◆ DATASET EXCERPT
#####

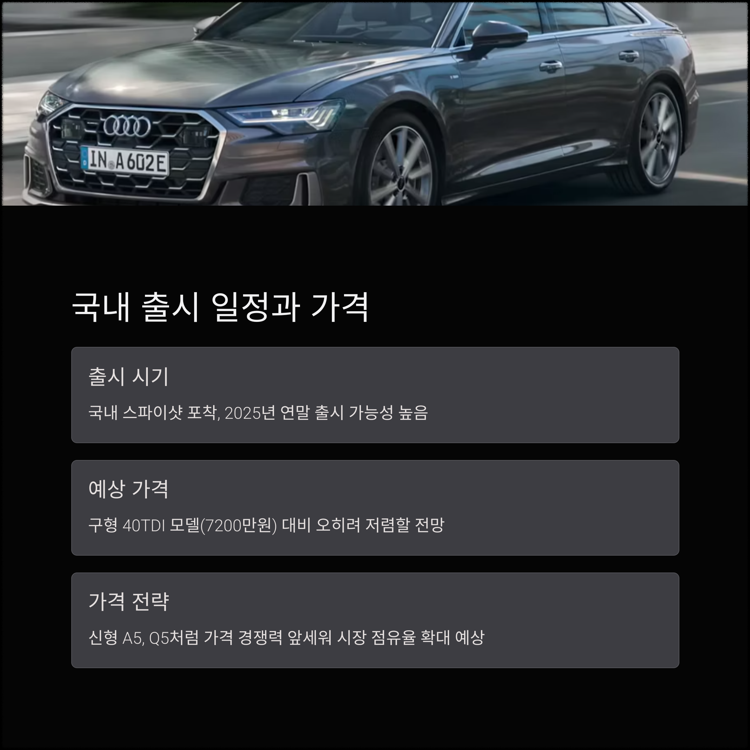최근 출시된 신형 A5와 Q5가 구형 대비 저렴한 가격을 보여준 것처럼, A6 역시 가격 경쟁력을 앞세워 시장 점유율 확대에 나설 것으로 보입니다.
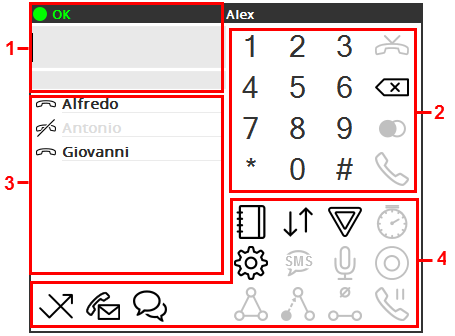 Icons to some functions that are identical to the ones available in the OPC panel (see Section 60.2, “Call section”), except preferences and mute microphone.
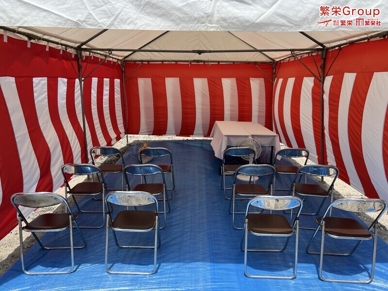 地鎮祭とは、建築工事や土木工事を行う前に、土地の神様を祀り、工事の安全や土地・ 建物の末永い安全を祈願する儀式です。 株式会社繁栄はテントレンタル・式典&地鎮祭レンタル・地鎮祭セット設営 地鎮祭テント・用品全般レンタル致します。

#####

◆ EXERCISE REQUIREMENTS
Output the data exactly. Pictures don't belong in the result.

◆ EXERCISE OUTPUT
최근 출시된 신형 A5와 Q5가 구형 대비 저렴한 가격을 보여준 것처럼, A6 역시 가격 경쟁력을 앞세워 시장 점유율 확대에 나설 것으로 보입니다.
 Icons to some functions that are identical to the ones available in the OPC panel (see Section 60.2, “Call section”), except preferences and mute microphone.
 地鎮祭とは、建築工事や土木工事を行う前に、土地の神様を祀り、工事の安全や土地・ 建物の末永い安全を祈願する儀式です。 株式会社繁栄はテントレンタル・式典&地鎮祭レンタル・地鎮祭セット設営 地鎮祭テント・用品全般レンタル致します。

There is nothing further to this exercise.